# Redrilling spring hangers



## rallyrob (Apr 14, 2011)

I have a 95 nissan pickup that I am trying to tune to make it handle better.I have been reading "How to make your car handle by Fred Puhn".The biggest problem with the truck is it has LOTS of understeer.The book says that due to how the suspension was designed it has LOTS of designed in Roll Understeer because the leaf spring is not flat.Instead the front is lower than the rear shackle by quite a bit.Roughly 5" in my case.In the book a 75 ford pinto was modified to handle better by getting long rear shackles and de-arcing the springs.As you all know on the hardbodies the front spring hanger hangs down from the frame a bit.So I was looking into simply redrilling the front spring hanger 2" straight up to keep the wheel centered in the wheel-wells.

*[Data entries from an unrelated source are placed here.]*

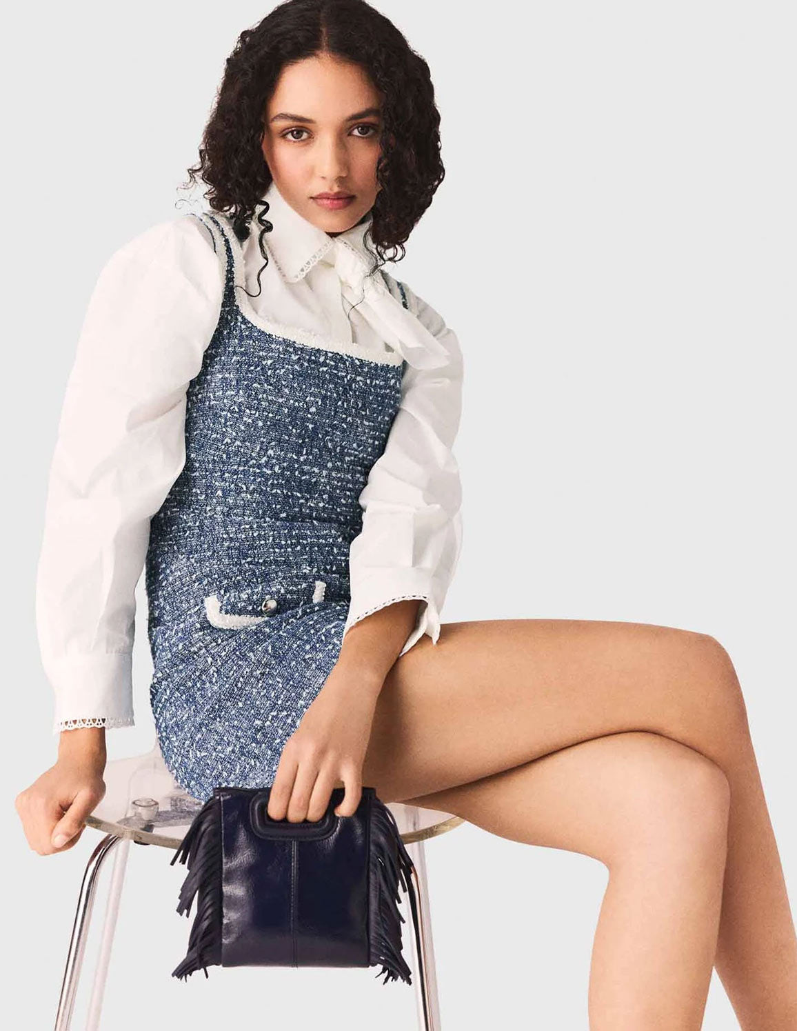 • Set a course for structured, modern femininity, inspired by the contrasting styles of the yacht club, where marled blue tweed is both essential and sophisticated.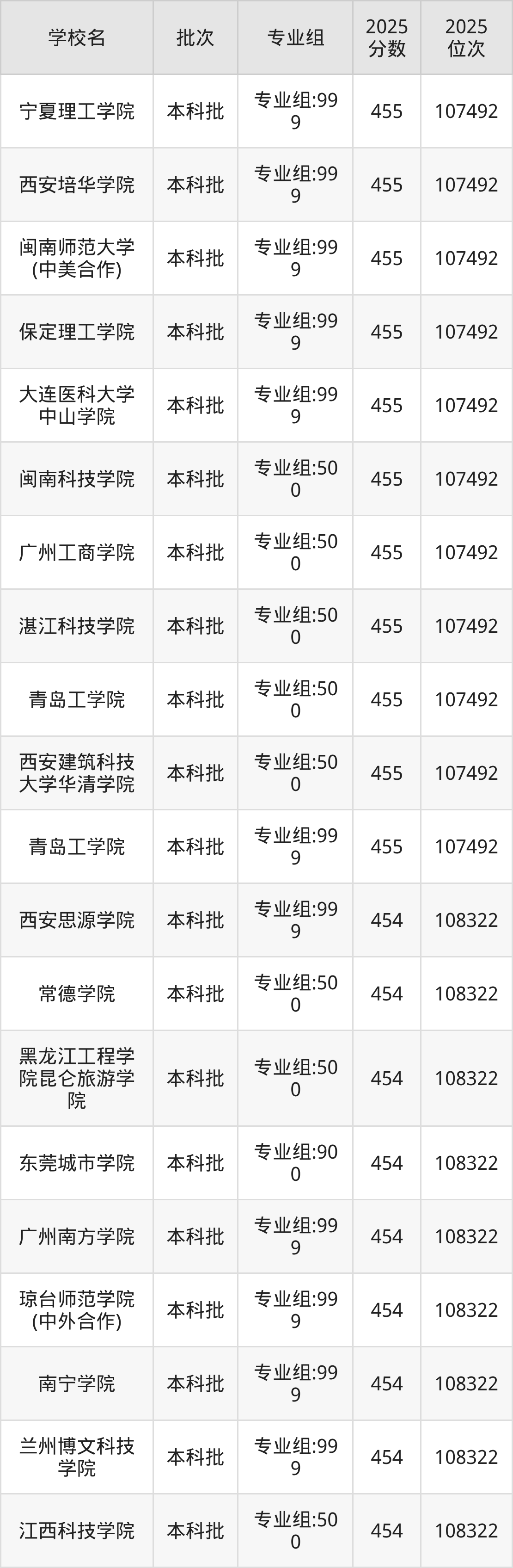 2025年福建高考物理类454分(107493名~108322名)能上的大学有常德学院专业组:500、东莞城市学院专业组:900、广州南方学院专业组:999、黑龙江工程学院昆仑旅游学院专业组:500等。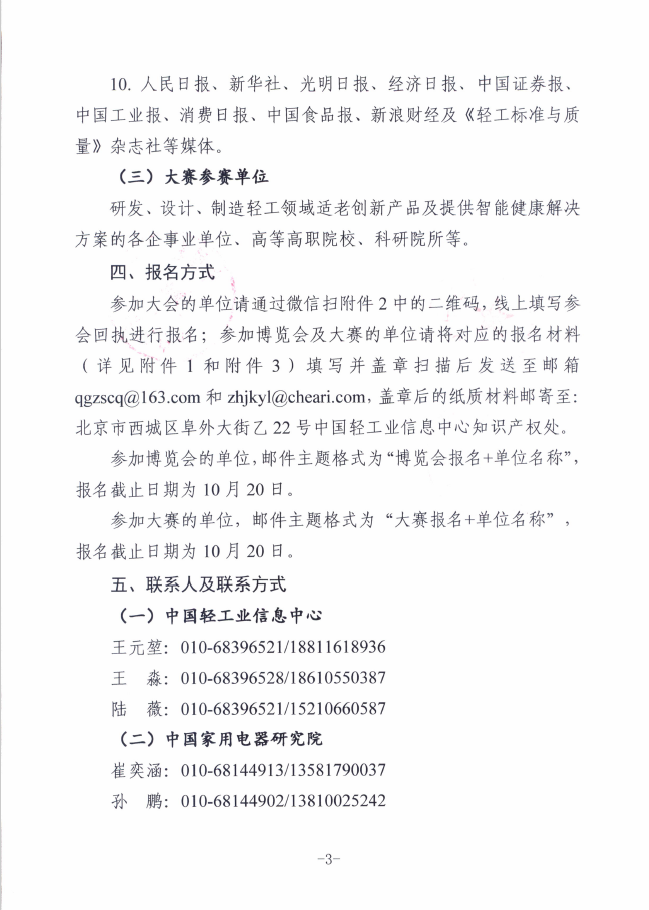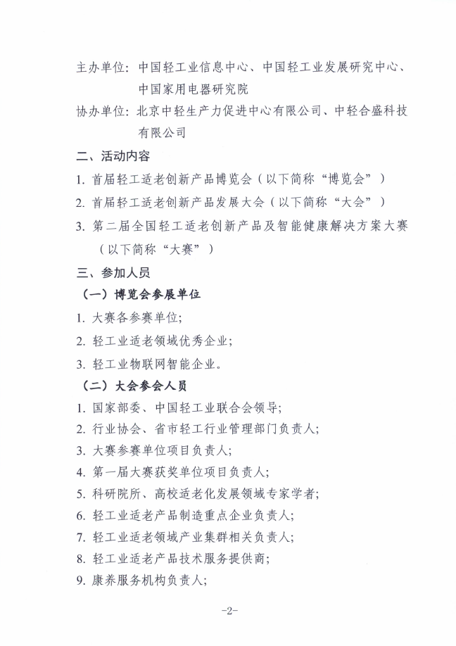 关于举办首届轻工适老创新产品博览会、轻工适老创新产品发展大会暨第二届全国轻工适老创新产品及智能健康解决方案大赛的通知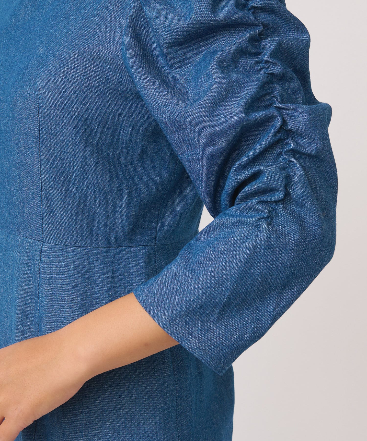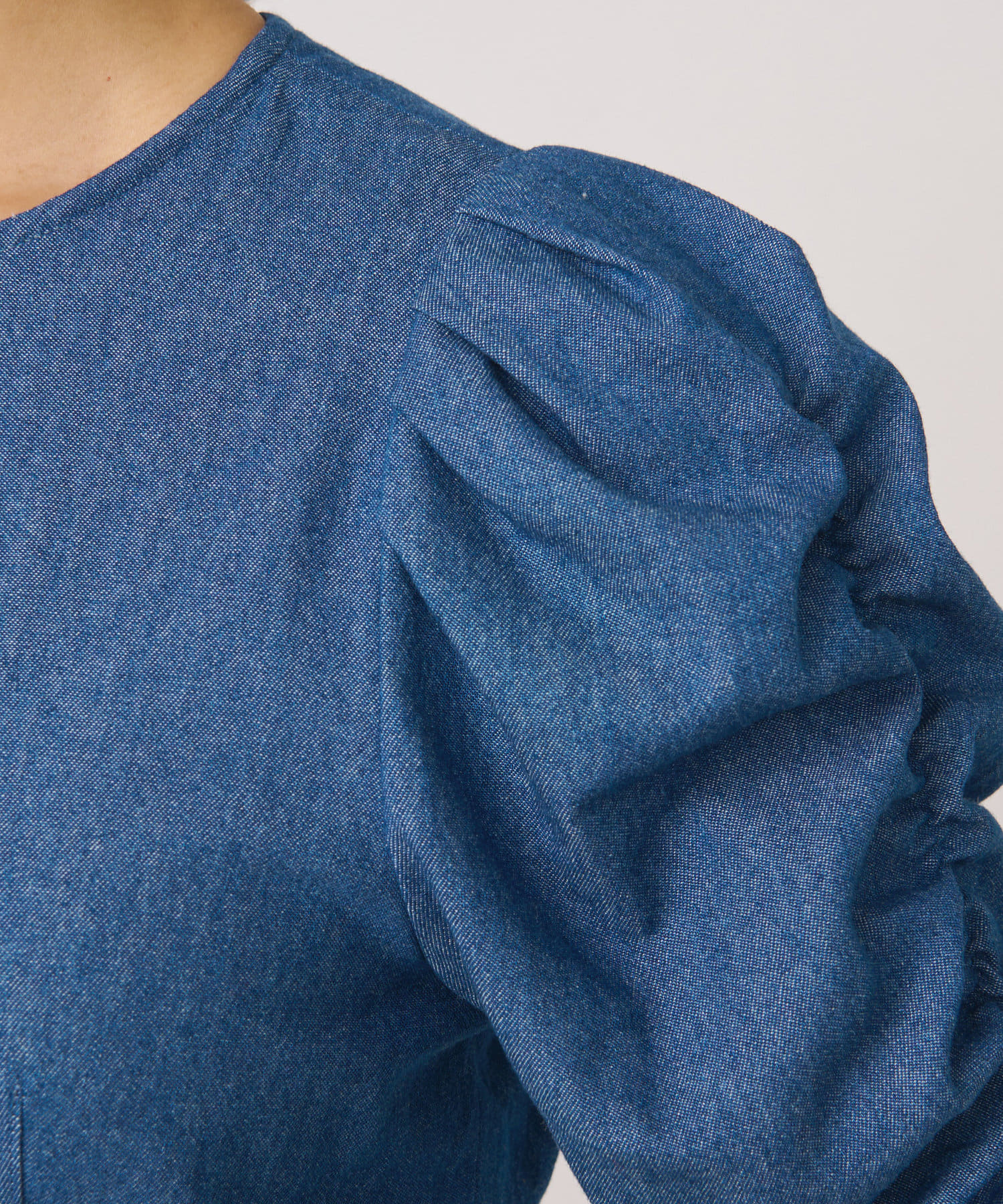 ラブティックボンボンが得意とするパワーショルダーデザインをデニム素材に落とし込んだワンピース。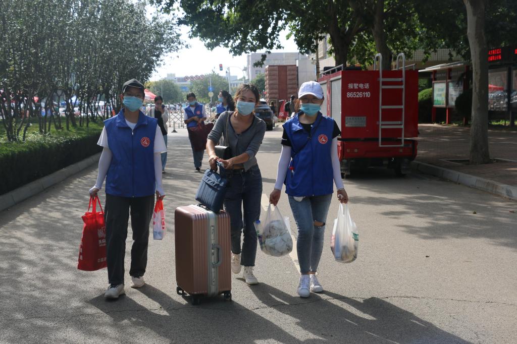 在做好疫情防控的同时,各学院还推出了很多暖心举措,用便携手拉车等,帮助同学们运送行李,为同学们准备了防控物品,准备了绿植、明信片等小礼物。快递中心开通线上预约取件。食堂优化供餐服务,推出简餐打包、堂食就餐等多种方式,延长供餐时间,推行错峰就餐等。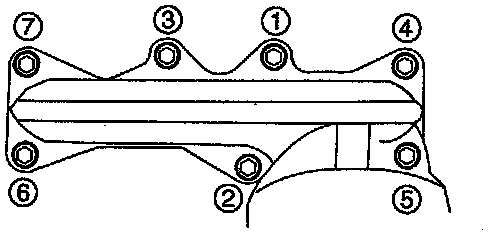 3) Tighten the bolts in two or three steps in the order shown.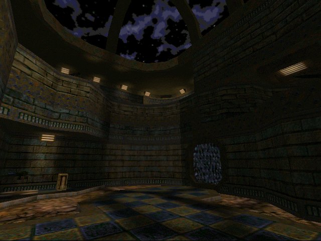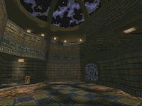 Don't think for a second though that going through a teleporter will put you safe. Far from it, GrindSpire's evil teleporter placement is such that the exits are all in the same atrium. So, for example, leaping through the middle TP will just drop you out onto the ground floor so that anyone above can still get you! There is also a teleporter exit that could have been better placed. On the upper floor of the largest atrium you come out almost facing a wall and a sharp turn to the left once gave me a nice surprise. The Tick had aimed a rocket straight for my head. *Gibbed*

Online it seems a common guide line for redrilling the spring hanger is 2" up and 1/2" back.However those dimensions are for the people who want maximum low.the 1/2" back is to make it so the driveshaft doesn't bottom out in the transmission with their 4-5" drop blocks as well.So I guess my question is what are the proper specs to redrill the holes for my application that is for handling,not maximum lowness?The rear of the truck should end up about 1" lower than stock.It should be level or close to,but the torsion bars may have to be clocked 1/2" to get the proper rake for occasionally hauling things.

Thanks in advance and sorry for my rather long winded question.


----------